Robert De Niro researched and met with psychics for his role and developed the cautious belief that there is something to the phenomenon based on allegedly psychically obtained information they were able to tell him that he insists only he knew: "There's no way they could have known certain things and they said them, so in that sense, I have no answer than to say that I have to believe that there's something there that they pick up psychically. I don't know what it is".

=== Filming ===
Filming occurred in Spain and Canada, with ten of the filming locations based in Barcelona, Spain; a week of filming was undertaken at the Fairmont Royal York in Toronto, Canada and significant shots were taken on James Street North in nearby Hamilton, Canada. The filming process for Red Lights commenced in February 2011 and concluded in April 2011.

== Release ==

=== Critical reception ===
Red Lights received mainly negative reviews from critics.
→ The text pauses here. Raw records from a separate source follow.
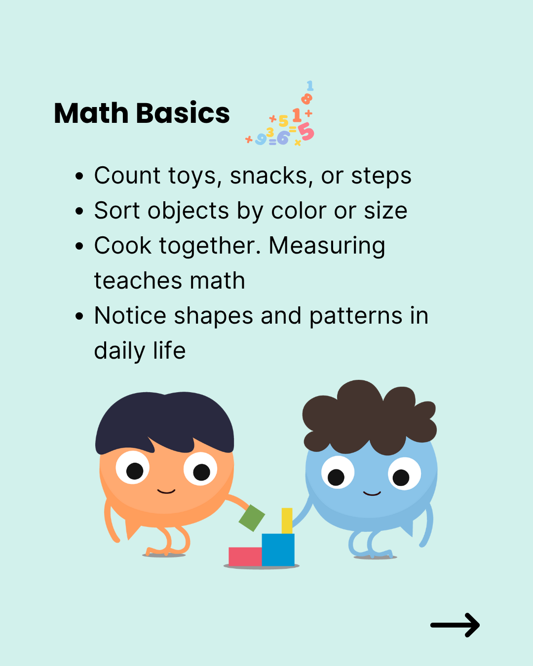Math is everywhere: in the kitchen, the playground and the grocery store. Simple activities bring numbers and patterns to life.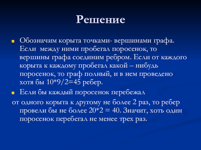 вершины графа соединим ребром. Если от каждого корыта к каждому пробегал какой – нибудь поросенок, то граф полный, и в нем проведено хотя бы 10*9/2=45 ребер.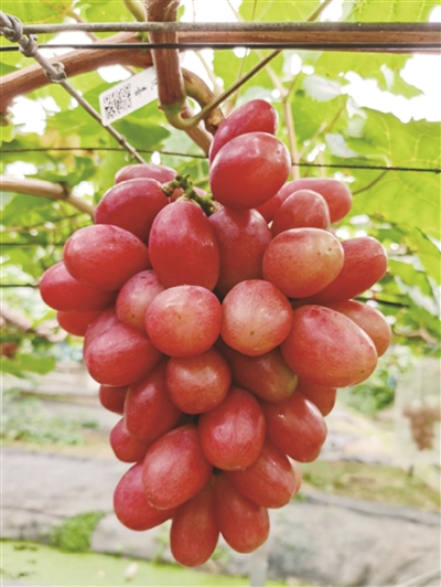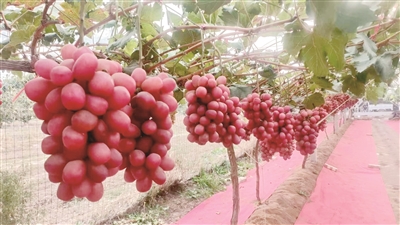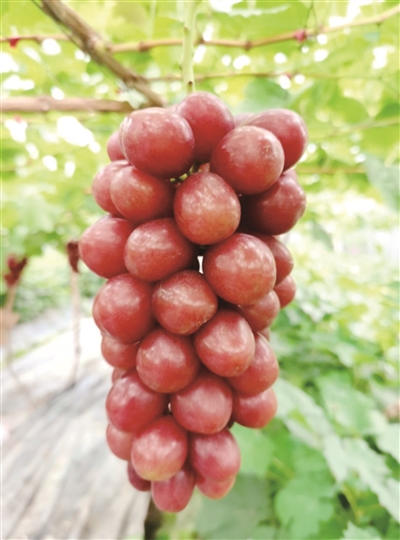 “金之星”尚未成熟,童洪升用手机展示了一张图片。只见成熟的葡萄呈红色,果粒大、颜值美,犹如红玛瑙般让人赏心悦目,不由得让记者大吃一惊。“‘金之星’在山东、陕西、山西等省种植表现特别好,果粒大、甜度高、硬脆多汁,也广受消费者好评。”童洪升说,基本上每到收获季节,“金之星”葡萄都是供不应求。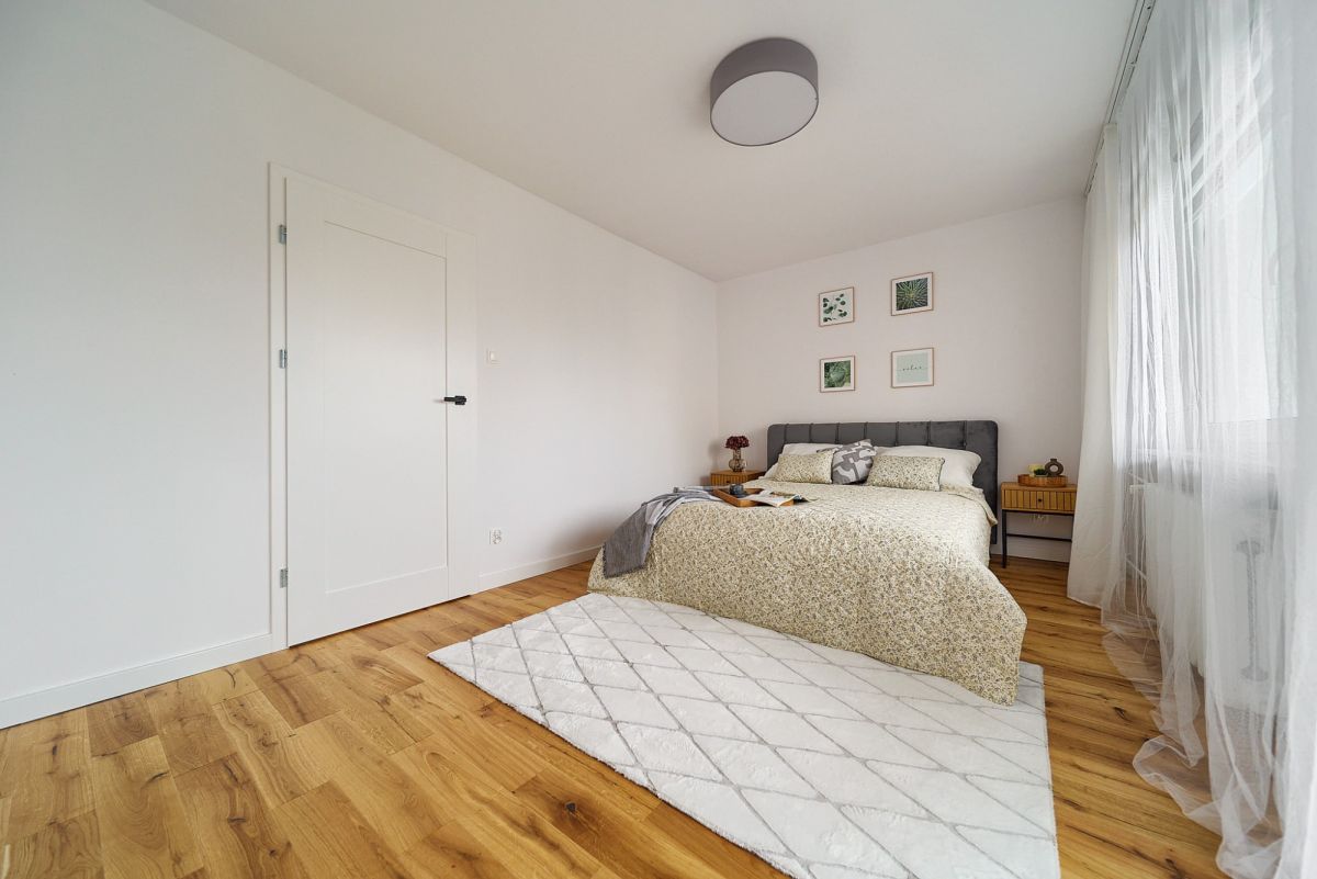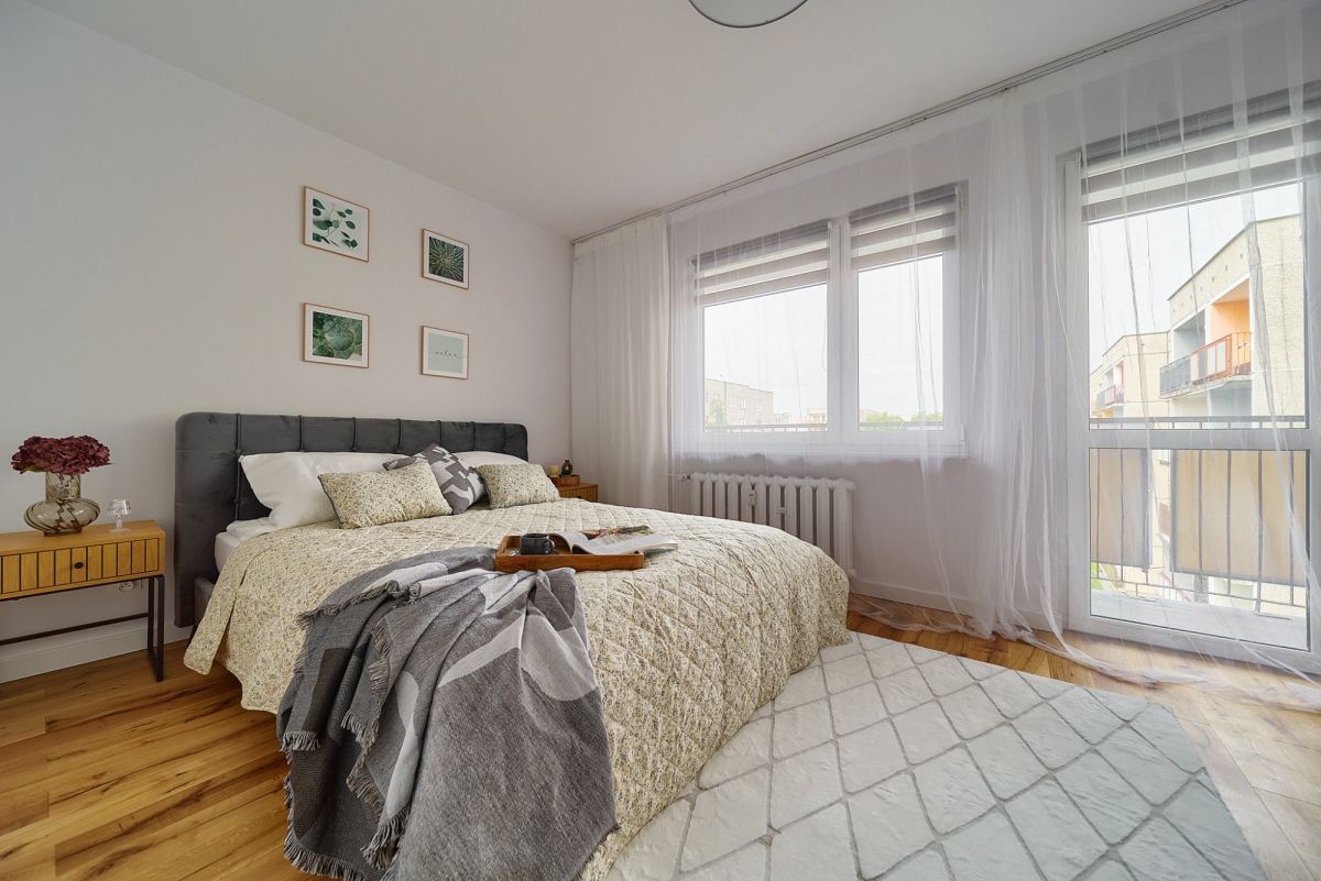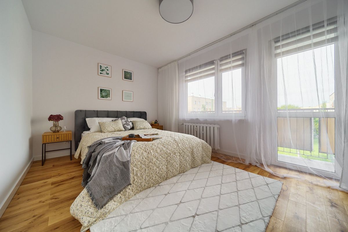 Wnętrze o powierzchni niemal 64 metrów zostało zaprojektowane z myślą o maksymalnej wygodzie rodziny. Sercem mieszkania jest przestronny salon połączony z aneksem kuchennym, co tworzy otwartą strefę dzienną sprzyjającą wspólnemu spędzaniu czasu. Oprócz tego do dyspozycji są dwie ustawne sypialnie - jedna z nich posiada wyjście na balkon, który jest idealnym miejscem na poranną kawę. Prawdziwym hitem tego układu jest dodatkowe pomieszczenie, które świetnie sprawdzi się jako pojemna garderoba lub domowe biuro - to rozwiązanie, którego brakuje w większości mieszkań w blokach. Komfortu dopełnia fakt, że łazienka i toaleta stanowią dwa osobne pomieszczenia.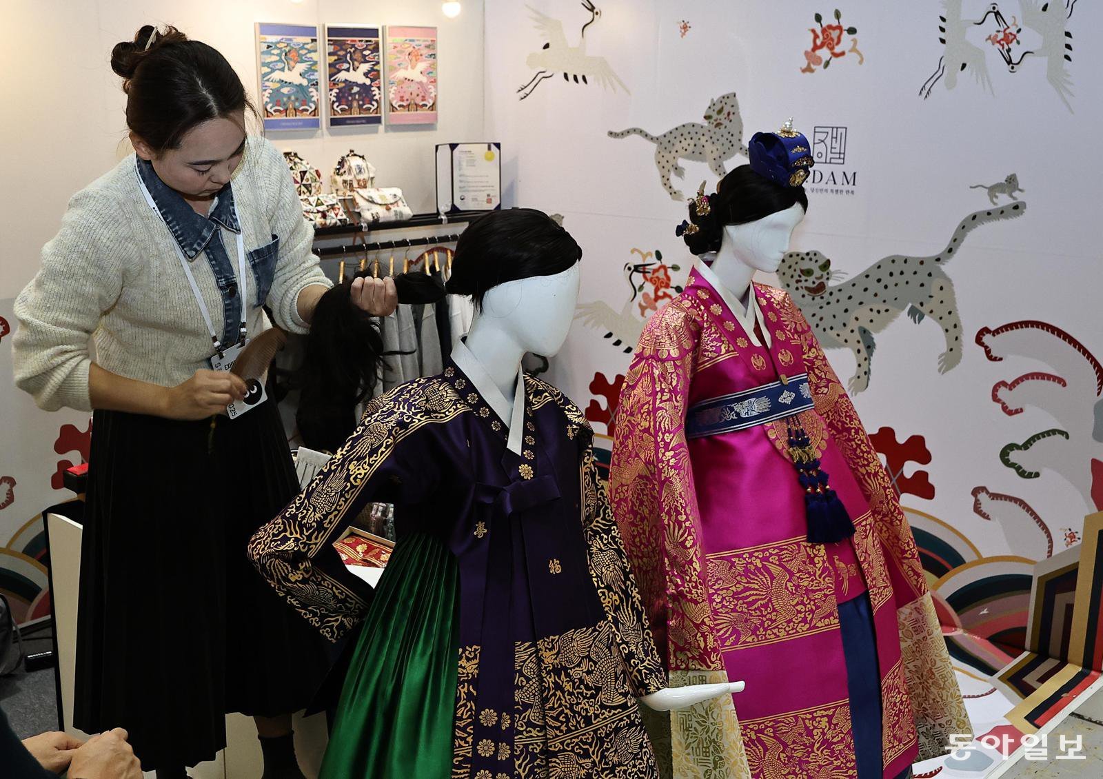 12일 서울 강남구 코엑스에서 열린 디자인 문화 콘텐츠 전시 ‘2025 서울디자인페스티벌’에서 한복 디자인 업체 관계자가 마네킹을 꾸미고 있다. ‘길찾기’라는 주제로 열린 이번 행사는 16일까지 열린다.

The review aggregator website Rotten Tomatoes reported that 30% of critics have given the film a positive review based on 91 reviews, with an average rating of 4.85/10. The site's critics consensus reads, "Wasting the talents of an impressive cast on a predictable mystery, Red Lights lacks the clairvoyance to know what audiences want." On Metacritic, the film has a weighted average score of 36 out of 100 based on 22 critics, indicating "generally unfavorable reviews".

In The New York Times, Jeannette Catsoulis praised the early section of the film for its "smart, talky screenplay and tense direction," but criticized the end for being "derailed by elaborate pyrotechnics and a bathroom brawl."

Michael Nordine of Slant Magazine gave the film one and a half stars out of a possible four, and wrote, "Red Lights implodes so spectacularly that it’s almost worth the price of admission." Similarly to Catsoulis, Nordine wrote positively of film's first hour, but concluded, "its official jumping-the-shark moment is so jarringly ill-conceived as to immediately erase nearly every trace of good faith Cortés has thus far inspired."

William Goss gave a more positive review in IndieWire, writing, "while Red Lights isn’t terrifically scary, it is thrilling in other ways, constantly playful and often tongue-in-cheek as it works through the hokey conventions of the genre." Yet, Goss believed that the ending "[would] divide audiences." He compared Red Lights tone to Scanners, Unbreakable, and The Prestige.

For Vulture, Bilge Ebiri gave the film a negative review, writing that it was "a genre film that aspires to so much more...even as it flounders in its own silliness," and that "Red Lights borders on so-bad-it’s-good-ness in a way that makes you wonder if it might be an intentional goof," but he ultimately found it "merely exhausting."